Orlando police said they will have an increased presence for Tuesday night’s Jackson Browne concert at the Dr. Phillips Center for the Performing Arts after a possible threat.
Police in West Lafayette, Ind., began investigating Sunday after a banner was left at a Unitarian Universalist Church that hosted a protest to mark the one-year anniversary of the inauguration of President Donald Trump.
The banner — which includes vulgar language and misspellings — says “Die [expletive], Orlando just like Los Vegas” with “Janury 23rd” in red letters. Another banner left at the church names Browne and includes racial and anti-gay slurs.
“OPD is aware of this incident and has been in communication with police in West Lafayette, Indiana,” Orlando police said in a statement. “We are aware that there is a planned Jackson Browne concert Jan. 23 at the Dr. Phillips Center and there will be an increased security presence at the event.”
A spokeswoman for the center said it learned about the situation on Sunday and has been working with police to ensure the safety of the concert.
“The safety and security of our guests, colleagues and artists is our highest priority,” the spokeswoman said.

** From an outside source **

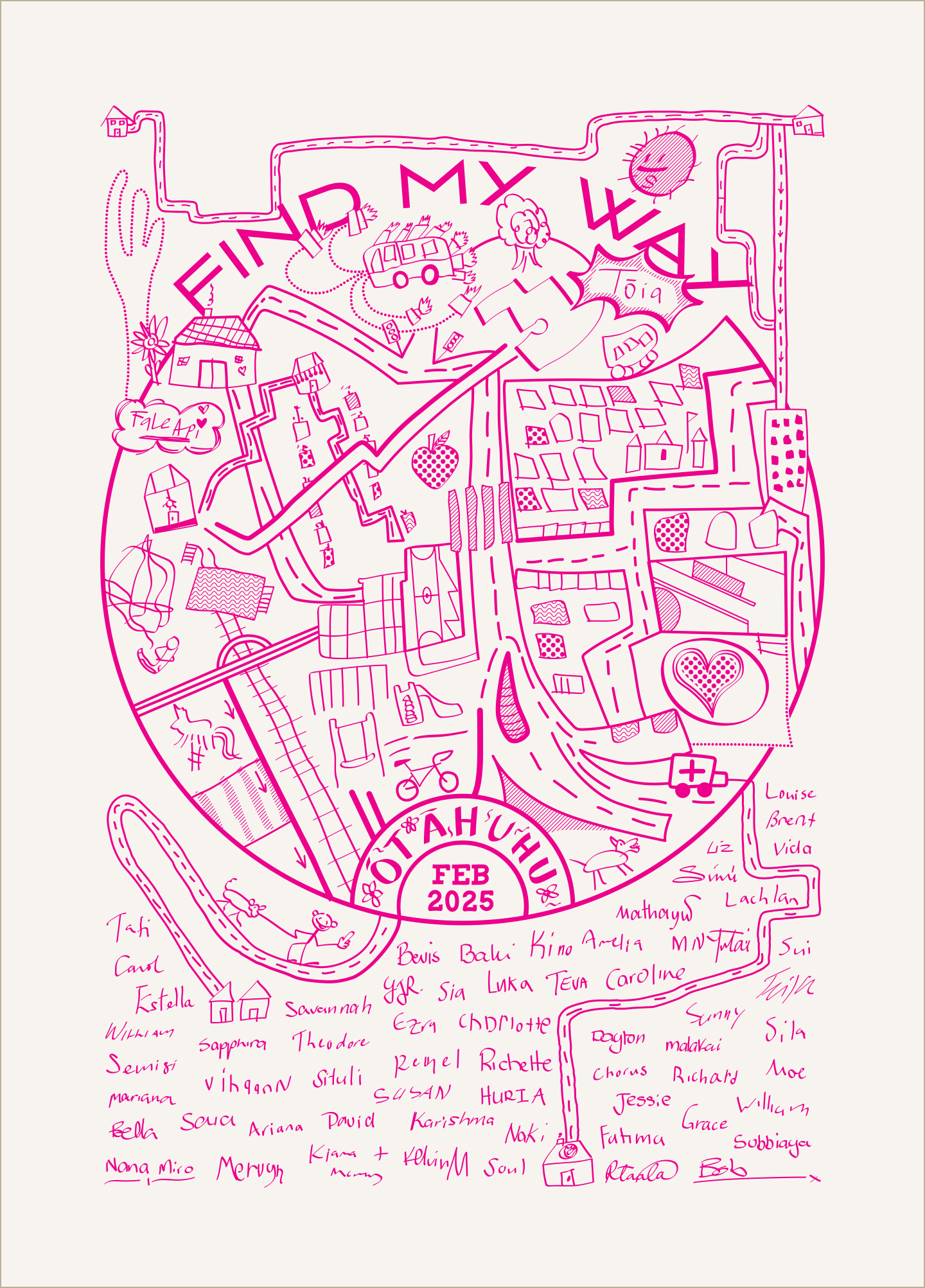 We Should Practice ran a drop-in map-making event at Tōia (Ōtāhuhu Library) where approximately 60 participants of all ages were asked to share walking, cycling and driving journeys to, in and around Ōtāhuhu. They could draw them in whatever way they liked, and in as much or as little detail as they liked.

The sign apparently makes reference to the shooting that left 58 dead and injured hundreds of others during a concert in Las Vegas in October.
West Lafayette Police Chief Jason Dombkowski said his department notified the FBI about the incident.
Browne, 69, is a Rock-and-Roll Hall of Fame member known for taking on environmental causes. His hit songs include “Take It Easy” and “Running on Empty.”
The banners prompted the city of West Lafayette to organize an anti-hate forum for Wednesday.
“Hate speech is not protected speech and we will vigorously pursue and prosecute anyone who seeks to intimidate and strike fear in our citizens,” Dombkowski said in a press release.
West Lafayette Mayor John Dennis wrote in a Facebook post that the city, which is home to Purdue University, “has been and always will be an open and welcoming community.”
“We will not allow our embracing of all that is right to be targeted by those who feel empowered to deliver a message of hate, violence and exclusivity,” he said.
The Associated Press contributed to this report.